A Cautionary Tale: Wear a Bike Helmet

Jane McCarthy, a Marion resident, spent the evening of her 25th wedding anniversary in the emergency room after falling off of her bicycle on Converse Road in June. McCarthy was The Wanderer’s 2012 Keel Award winner for Marion for her years of service to the town.

“We had dinner as a family and were going to have dessert at home,” McCarthy recalled, “and I decided to do a quick, short bike ride of about three miles up to Route 6 and back home, something I do often, just to get some fresh air and exercise.”

She remembered later that the last thing her husband said to her was, “Don’t forget your helmet.” She did not wear the helmet.

After going only three or four houses away, she spotted a neighbor and braked to chat.

“I put on the brake with my left hand and stopped so suddenly that I went over the handlebars, landed on my chin and chest, partially broke my fall with my wrist, rolled over and hit the back of my head and lay there in the road,” McCarthy said.

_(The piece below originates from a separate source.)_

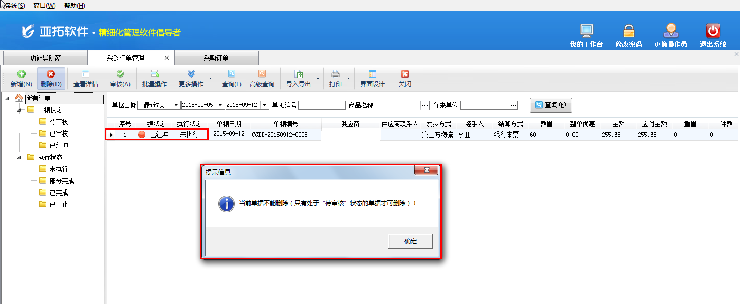 有些客戶想刪除已紅沖的單據時,發現已紅沖的單據刪除不了,如下圖所示,提示“當前單據不能刪除(只有處于“待審核”狀態的單據才可刪除)!”,那么如何刪除已紅沖的單據呢?
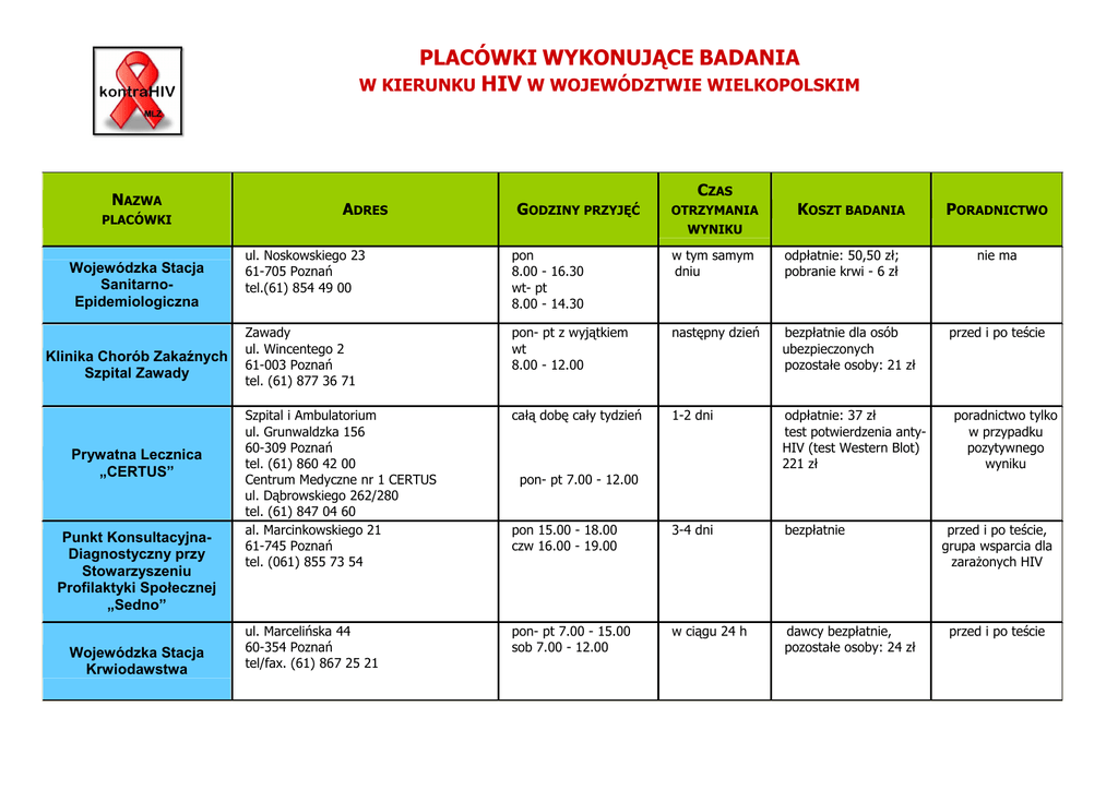 PLACÓWKI WYKONUJĄCE BADANIA W KIERUNKU HIV W WOJEWÓDZTWIE WIELKOPOLSKIM NAZWA PLACÓWKI Wojewódzka Stacja SanitarnoEpidemiologiczna Klinika Chorób Zakaźnych Szpital Zawady Prywatna Lecznica „CERTUS” Punkt KonsultacyjnaDiagnostyczny przy Stowarzyszeniu Profilaktyki Społecznej „Sedno” Wojewódzka Stacja Krwiodawstwa CZAS ADRES GODZINY PRZYJĘĆ OTRZYMANIA KOSZT BADANIA PORADNICTWO WYNIKU ul. Noskowskiego 23 61-705 Poznań tel.(61) 854 49 00 pon 8.00 - 16.30 wt- pt 8.00 - 14.30 w tym samym dniu odpłatnie: 50,50 zł; pobranie krwi - 6 zł Zawady ul. Wincentego 2 61-003 Poznań tel. (61) 877 36 71 pon- pt z wyjątkiem wt 8.00 - 12.00 następny dzień bezpłatnie dla osób ubezpieczonych pozostałe osoby: 21 zł Szpital i Ambulatorium ul. Grunwaldzka 156 60-309 Poznań tel. (61) 860 42 00 Centrum Medyczne nr 1 CERTUS ul. Dąbrowskiego 262/280 tel. (61) 847 04 60 al. Marcinkowskiego 21 61-745 Poznań tel. (061) 855 73 54 całą dobę cały tydzień 1-2 dni odpłatnie: 37 zł test potwierdzenia antyHIV (test Western Blot) 221 zł pon 15.00 - 18.00 czw 16.00 - 19.00 3-4 dni bezpłatnie ul. Marcelińska 44 60-354 Poznań tel/fax. (61) 867 25 21 pon- pt 7.00 - 15.00 sob 7.00 - 12.00 w ciągu 24 h dawcy bezpłatnie, pozostałe osoby: 24 zł nie ma przed i po teście poradnictwo tylko w przypadku pozytywnego wyniku pon- pt 7.00 - 12.00 przed i po teście, grupa wsparcia dla zaraŜonych HIV przed i po teście Szpital Wojewódzki w Poznaniu Poznański Ośrodek Specjalistycznych Usług Medycznych Klinika Ars Medical Szpital Zespolony im. L. Perzyny Zakład Diagnostyki Laboratoryjnej Powiatowa Stacja Sanitarno Epidemiologiczna w Koninie NZOZ Diagnostyka Medyczna „Meridian" NZOZ Leszczyńskie Centrum Medyczne „VENTRICULU” aktualizacja: listopad 2010 roku ul. Juraszów 7/19 60-479 Poznań tel. (61) 821 22 00 wew. 269 pon - pt 7.30 - 11.00 w tym samym dniu bezpłatne przy skierowaniu od lekarza, pozostałe osoby: 20 zł przed i po teście ul. Serbska 6 61-696 Poznań tel. (61) 647 77 77 pon – pt 7.30 - 18.00 sob 7.30 – 13.00 min 4 h odpłatnie: 32 zł Al. Wojska Polskiego 43 64-920 Piła tel. 067 211 99 19 pon- pt 8.00 - 20.00 sob 8.00 - 14.00 ok. 2 h odpłatnie: 25 zł, przeciwciała anty-HIV 30 zł ul. Poznańska 79 62-800 Kalisz tel. (62) 765 12 51 - centrala (62) 765 14 04 - kierownik pon- pt 7.15 - 14.15 sob 9.00 - 14.00 w tym samym dniu płatne 34,50 zł ul. Staszica 16 62-500 Konin tel. (63) 243 90 52 pon- pt 7.30 - 14.00 2- 3 dni płatne 48 zł 5 zł pobranie krwi ul. Wojska Polskiego 11/15 64-100 Leszno tel. (65) 529 97 08 pon- pt 7.30 - 11.00 następny dzień płatne 35 zł nie ma ul. Słowiańska 41 64-100 Leszno tel. (65) 529 25 63 pon – pt 7.00 - 9.30 w tym samym dniu po 15.00 płatne 35 zł nie ma poradnictwo tylko w przypadku pozytywnego wyniku przed i po teście nie ma przed i po teście

For the first 24 hours, she couldn’t find the words to talk. When asked questions by her family and doctors at the emergency room, she said she couldn’t formulate the words to reply.

“In the ER, they asked me to sign a form, and I was given a pen, but didn’t know what to do with it,” McCarthy said. “And I wasn’t even unconscious after I fell, but the head injury was so debilitating and I was paralyzed mentally.”

McCarthy’s story has a happy ending. She recovered from her fall, but still has lingering pain in her wrist.

“I still can’t hold a coffee cup,” she says. She described weeks of being in a bad mood, feeling angry and showing impatience with others; she was just not her usual happy self. “It took a good three and a half weeks before the cloud lifted and I felt like myself again.”

Over the July 4 weekend, McCarthy said she took notice of the many bicyclists that passed by her home.

“I’d estimate that less than 50 percent of them were wearing helmets,” she said. “I felt like running out and telling them all to go get their helmets.”

The Massachusetts state law requires children under the age of 12 to wear a helmet, but local police find it very difficult to enforce.

“We hold two bike safety training sessions at Center School, the first at the beginning of the school year when children want to bike to school,” said Mary Lyons, Chief of Police in Mattapoisett.

When asked if police will stop a child without a helmet and ask them about it, Lyons said that it becomes a liability issue.

“If you send the child in a different direction, back home as opposed to where they were going, and something happens along the way, there would be legal issues involved,” she explained. “It’s tricky and ultimately up to the parents to make sure their children are safe and wearing their helmets.”

“I didn’t wear my helmet because I thought that, well, I’m only going three miles and at a leisurely pace on a street with little to no traffic, and I’m safe,” McCarthy said. “We think we’re invincible and it isn’t going to happen to us, but it does.”

McCarthy wanted to give advice to those reading this article: “Please wear your helmet and have your children wear their helmets, so that what happened to me won’t happen to you or a loved one.”